— Task statement —
Repeat every line of the data exactly; no picture belongs in the copy.

— Data extract —

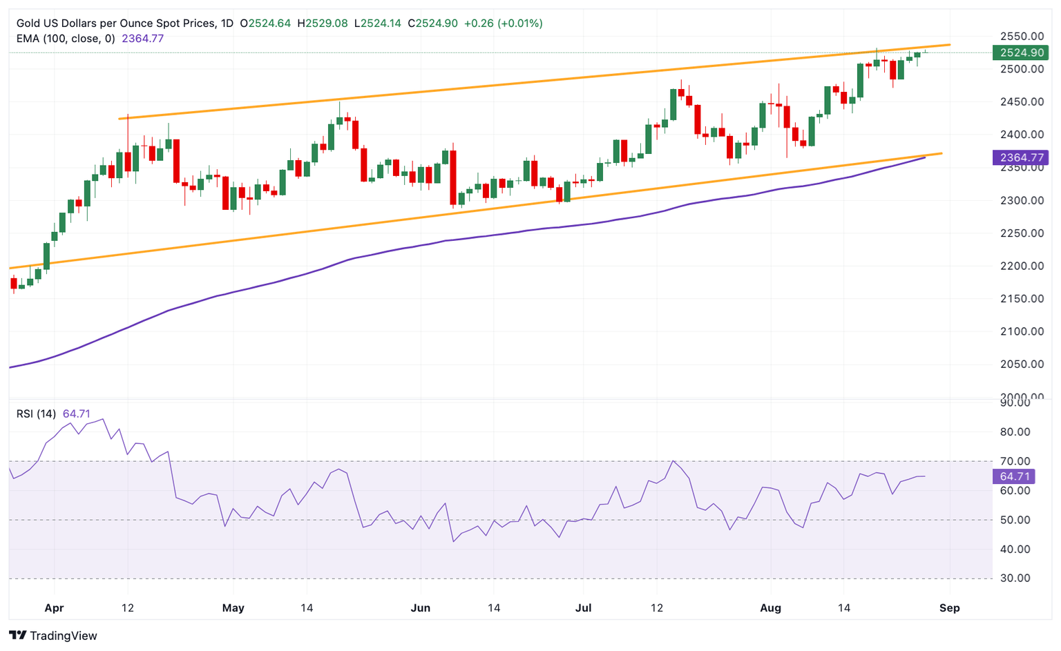 The Gold price (XAU/USD) loses momentum amid the modest rebound of the US Dollar (USD) on Wednesday. However, the escalating geopolitical tensions in the Middle East might help limit its losses. Additionally, US Federal Reserve (Fed) Chair Jerome Powell's speech at the Jackson Hole symposium last week, signalling “time has come” to begin lowering interest rates, might support the precious metal as it reduces the opportunity cost of holding non-interest-paying assets.
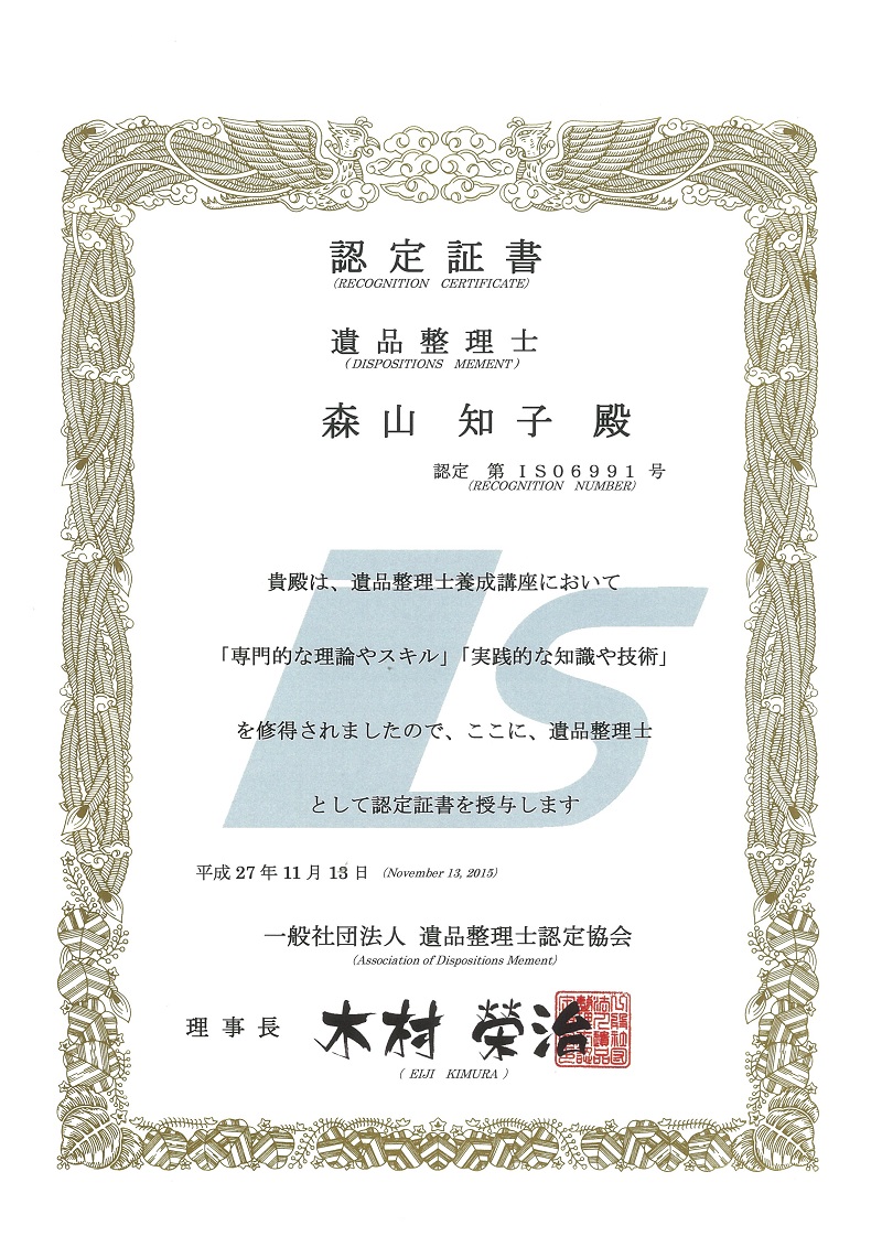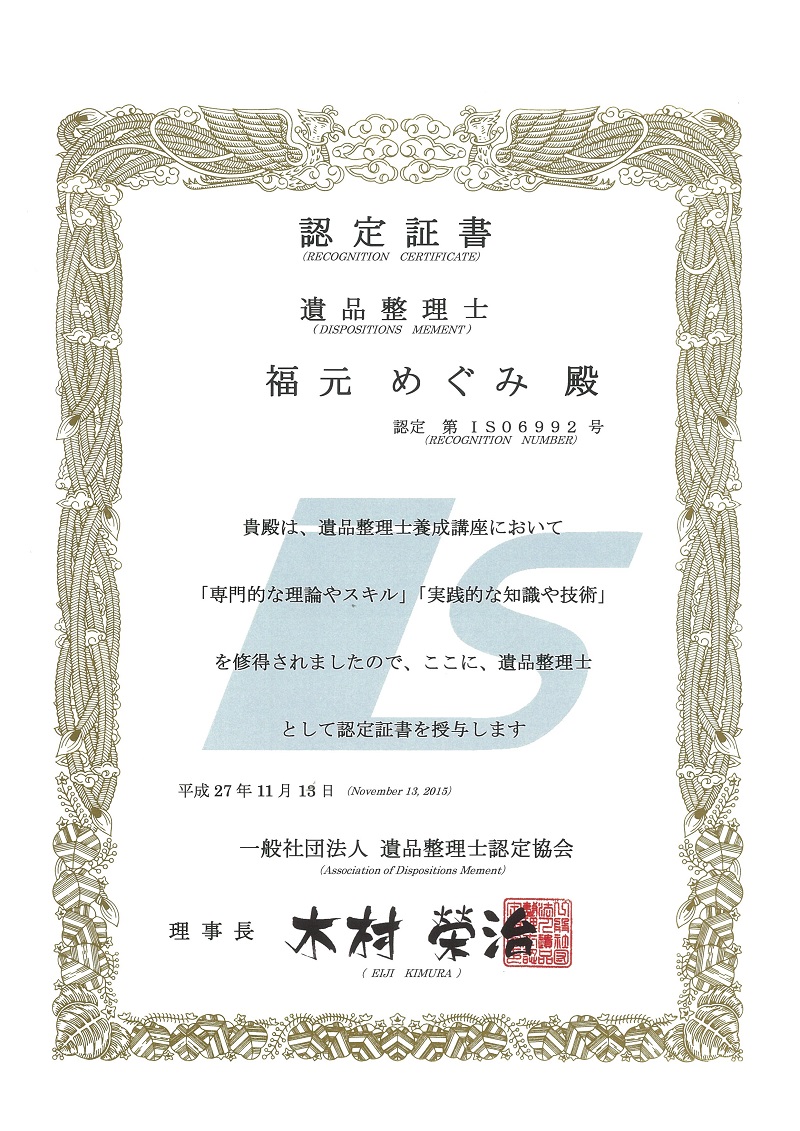 この度、無事「遺品整理士」として認定を受けました。(下記に認定証書)
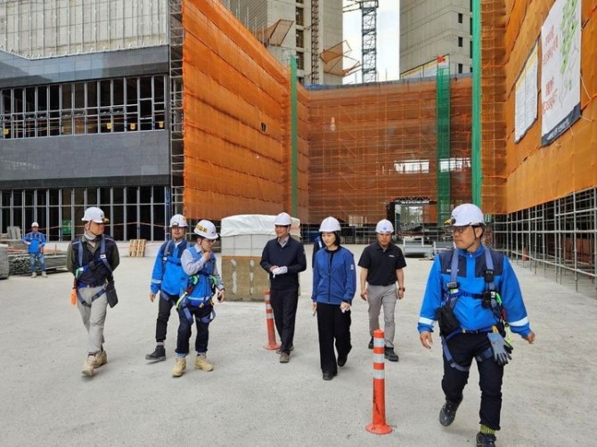 10일 건설업계에 따르면 DL이앤씨 이길포 CSO(최고안전책임자)가 지난달 29일 고용노동부 진주지청장, 산재예방과장, 근로감독관과 함께 경남 지역 현장을 찾아 폭염 대비 상태 점검을 진행했다.

— Answer —
 The Gold price (XAU/USD) loses momentum amid the modest rebound of the US Dollar (USD) on Wednesday. However, the escalating geopolitical tensions in the Middle East might help limit its losses. Additionally, US Federal Reserve (Fed) Chair Jerome Powell's speech at the Jackson Hole symposium last week, signalling “time has come” to begin lowering interest rates, might support the precious metal as it reduces the opportunity cost of holding non-interest-paying assets.
 この度、無事「遺品整理士」として認定を受けました。(下記に認定証書)
 10일 건설업계에 따르면 DL이앤씨 이길포 CSO(최고안전책임자)가 지난달 29일 고용노동부 진주지청장, 산재예방과장, 근로감독관과 함께 경남 지역 현장을 찾아 폭염 대비 상태 점검을 진행했다.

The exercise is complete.